Paths to Pleasure - Page 3

In bike-friendly, eco-conscious North Davis, a neighborhood of 200 Streng homes finds common ground on the greenbelt
Paths to Pleasure
Paths to Pleasure
Unique sculptures, like these, can be found on the greenbelt.
Paths to Pleasure
North Davis neighbors hang out together on the Hermosa Place cul-de-sac, where Streng co-founder Bill Streng still lives: (L-R) Garda Johnson, Vickie Moering, Paul Moering, Bill Streng, and Karmen Streng.

This was, not coincidentally, a few years before the Strengs began developing in North Davis. Their earlier Davis neighborhoods are charming but lack greenbelts.

Bike town though it be, Davis is still a sprawling suburban town, not a compact downtown like San Francisco, where people can leave the car at home and take public transportation or walk.

The university runs a transit service open to all, but in the main, walking is for recreation more than for transportation. "When you want to get somewhere, you get on your bike," Handy says. "The distances [from place to place] are a little too far [for walking]."

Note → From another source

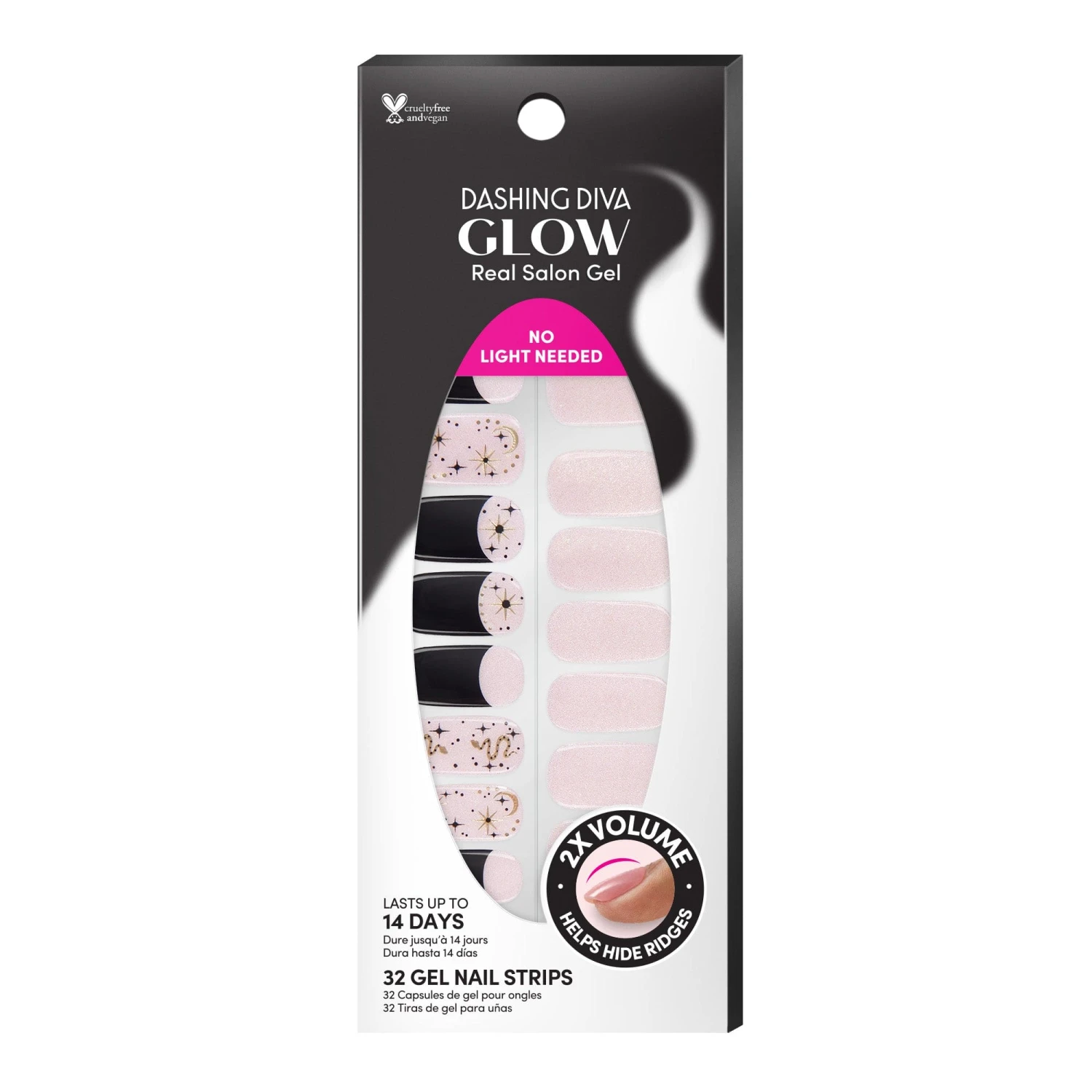 Iridescent pink/gold gel nail strips featuring a shimmery velvet effect, gold foil details, and black french tips with a double gel formula for an ultra-smooth finish.
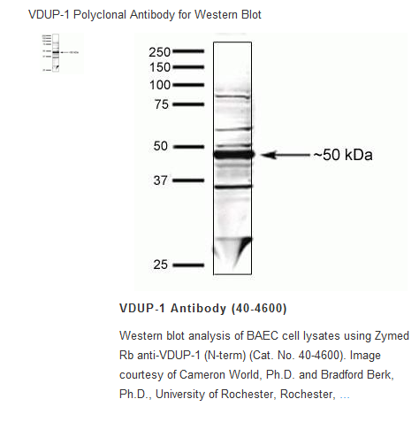 Thioredoxin-interacting protein belongs to the arrestin family. It acts as an oxidative stress mediator by inhibiting thioredoxin activity or by inhibiting thioredoxin activity or by limiting its bioavailability. It functions as a transcriptional repressor, possibly by acting as a bridge molecule between transcription factors and corepressor complexes, and over-expression will induce G0/G1 cell cycle arrest. It is required for the maturation of natural killer cells. Recently reported, TXNIP deficiency led to the impairment of NLRP3 inflammasome activation to innate immune responses and reduced secretion of interleukin IL-1ß.

While almost everybody in Davis bikes, the appeal of the paths goes beyond those who do.

Many of the cul-de-sacs that make up much of North Davis are sociable places, with neighbors walking together on the paths, and gathering at the meadows and playgrounds that are part of the greenbelt for get-togethers.

"It helps people socialize more," says James Millar, who grew up in a Streng home in the neighborhood. "Otherwise people wouldn't get out so much and talk to their neighbors."

Garda Johnson, an original resident, loves the neighborhood because it is so friendly. "I've thought about downsizing," she says, "but I really can't leave."

And, folks say, the greenbelt doesn't encourage criminals to visit or even attract many rowdy teens. Motorized traffic of any sort is banned, though on a recent weekend a golf cart was spotted puttering along.

On a recent sunny Sunday, a group of neighbors, some of them among the many original owners who remain in the neighborhood, gathered at the ‘meadow' where Hermosa Place meets the greenbelt for snacks, soft drinks, and wine. Among them was Bill Streng, who developed portions of the neighborhood with his brother Jim.

Bill and his wife Karmen bought the first Streng home built on the cul-de-sac and one of the first in the neighborhood, and they've lived there since. Streng is surely one of the few tract home developers who has lived so long surrounded by his customers.

The Strengs enjoy the greenbelts as much as anyone. But Bill was far from a greenbelt visionary when he, the engineers he hired, and the landscapers they hired laid out the greenbelts in the late 1970s, tying them into a network that had been begun by a different developer.

The Strengs provided the greenbelts not because they loved nature, admired the 19th century English planner Ebenezer Howard's book Garden Cities of To-morrow, or even saw greenbelts as a marketing tool. They did it because "the city had a policy. They wanted ten percent of the dirt to be green," Bill says.

"The city of Davis wanted the greenbelts," he says. That cut into profits.